I am sure you have seen the news regarding the failure of Silicon Valley Bank (SVB). SVB has been the victim of an old-fashioned bank run (driven in part by the impact of rapidly rising interest rates, and in part by a non-sticky deposit base tied to the Silicon Valley boom and bust cycle). The story is fast-moving, but the latest news is that depositors have been made whole by an emergency Fed program that is in effect providing protection above the normal $250k threshold that FDIC would cover.

For those interested in the nuts and bolts of how this situation occurred, a good summary is available here: https://www.netinterest.co/p/the-demise-of-silicon-valley-bank

Perhaps more important are the broader implications for both the market and your portfolio. Bank failures can have significant knock-on impacts if they are not dealt with swiftly – no bank holds sufficient deposits to satisfy all customer deposit withdrawals at once with little notice, and as such all banks are vulnerable to the risk of a bank run. It is only confidence in the banking institutions themselves that prevents everyone from reaching for the exits at the same time. Fortunately, during the financial crisis in 2008 as well as today, the Fed has reacted swiftly to protect customers and shore up confidence.

Regarding your portfolio, it is worth remembering that we hold no direct banks. Our logic has always been that banks are subject to such heavy regulation that it’s very difficult for management to truly control capital allocation and in addition, they are beholden to significant outside forces which they can neither control nor predict (such as interest rate movements). As a result, we simply avoid them as a group. There have been times where this has been detrimental to our relative performance, but there are also times of stress such as now when this strategy proves very helpful indeed.

However, while we own no direct banks, we do own one stock that operates in a similar way to a bank and that is Charles Schwab (SCHW) which has been caught up (unfairly in our opinion) in the recent selloffs.

Note – In terms of your own assets at TD Ameritrade (which is technically now SCHW), brokerage accounts are segregated assets and as such are not available to creditors even in the case of an insolvency.

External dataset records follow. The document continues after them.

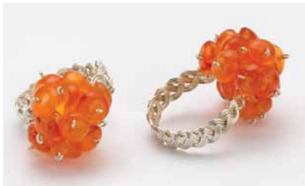
Berry Ring - Carnelian

Carnelian Berry Earrings measure 5/8" in width and 1 ¼" in length.
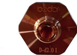
AL3020 2.0 Nozzle Double Layer
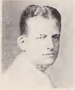
BBS 50,000 Watter Is His Baby .....
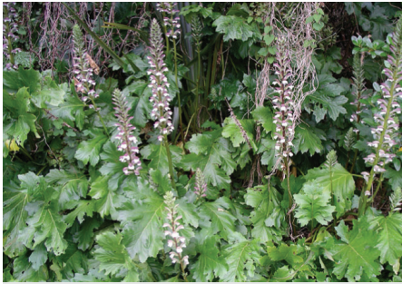
Bears Breeches Acanthus mollis
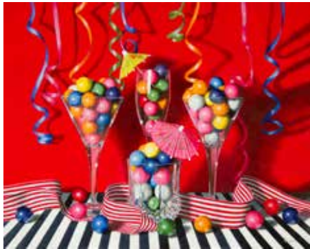
Karen Budan (b. 1948), Gumball Fiesta , 2016, oil on panel, 16 x 20 in.

INFORMATION: 125 West Palace Avenue, Santa Fe, NM 87501, 505.501.6555, sorrelsky.com
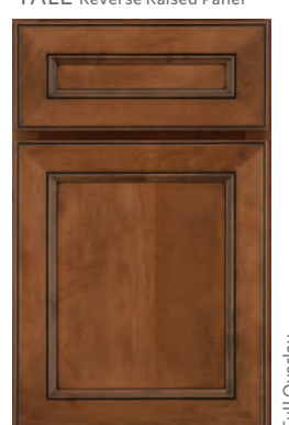
Amaretto Ebony Glaze and Highlight on maple
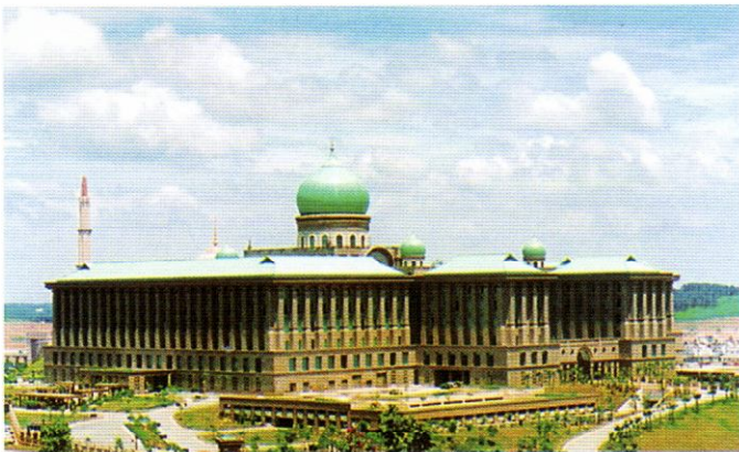
Prime Minister's Office in Putrajaya, Malaysia.

Flat seam joint of 30mm width Tile width max. 500mm Tile length max. 4000mm Minimum radius for convex/concave curved roofs = 500mm Minimum roof pitch 25 deg.
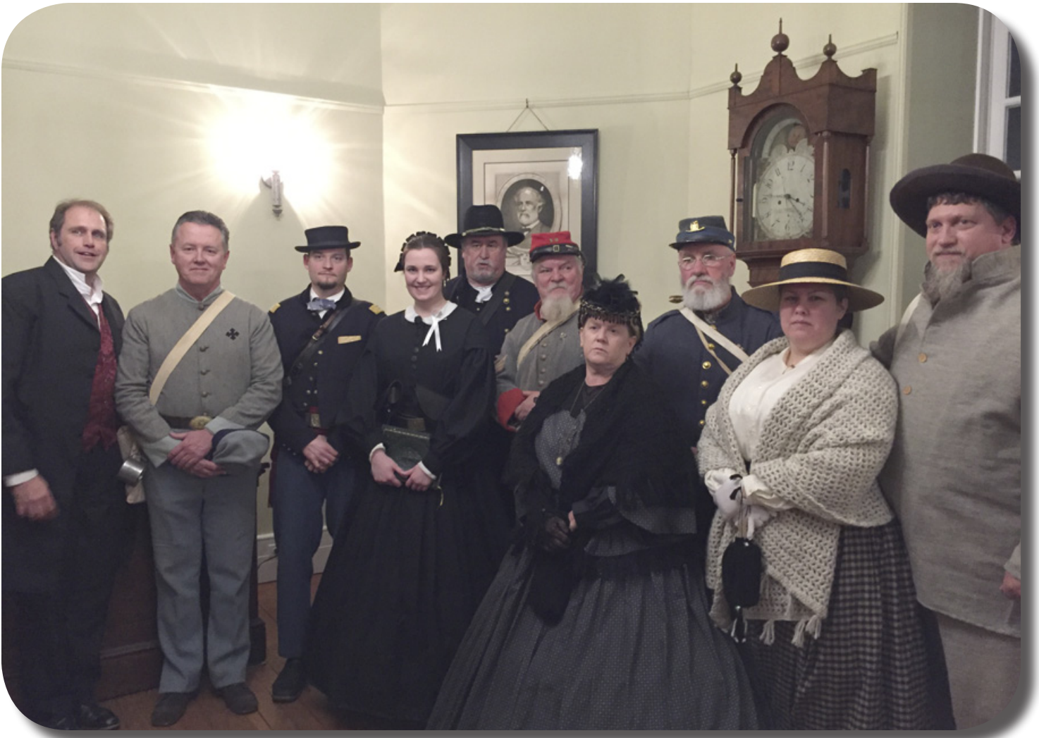
Cast of Characters.
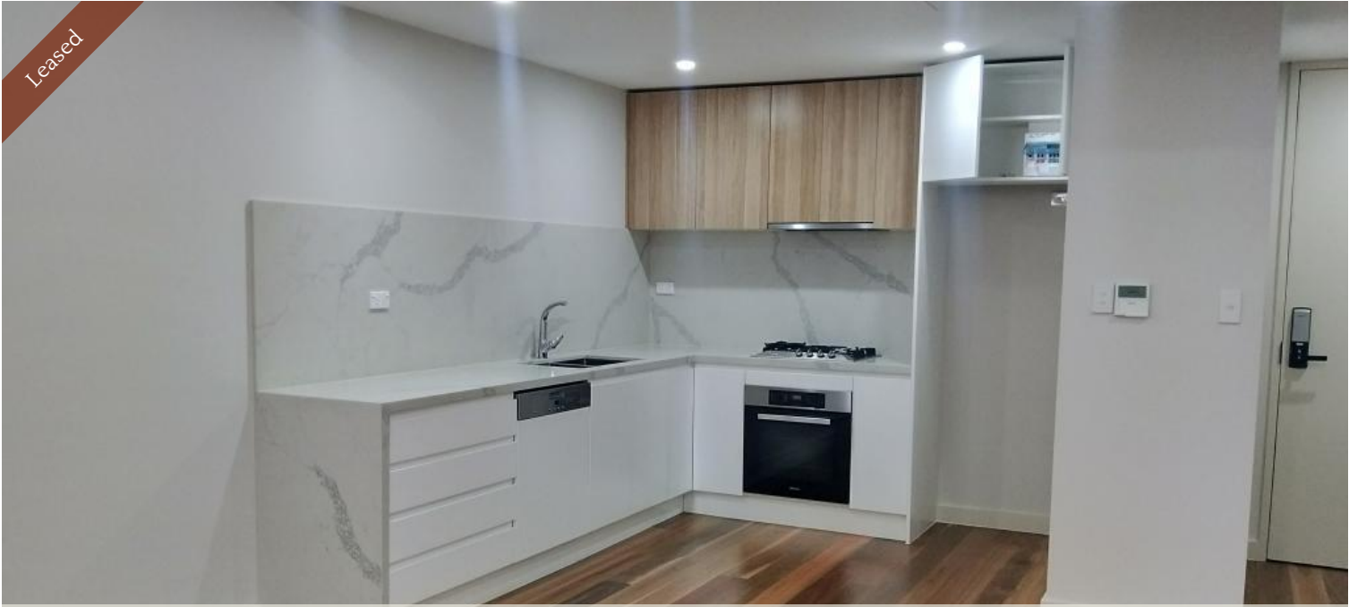
Unit 102, 50-52 East St, Five Dock

In simple terms, client assets (such as your portfolios) are legally ring-fenced from overall firm assets.

Charles Schwab Stock Update

SCHW is a leading provider of securities brokerage and wealth management services to both individual and institutional investors. It helps to think of SCHW somewhat like the Costco model. Costco is a retailer that doesn’t make much money retailing, instead passing their scale economics to the customer in exchange for profitable membership fees. Similarly, Schwab is now an online brokerage that doesn’t make much money from actual trading, instead passing their scale economics to the customer in exchange for profitable net interest spreads on their customer’s cash balances.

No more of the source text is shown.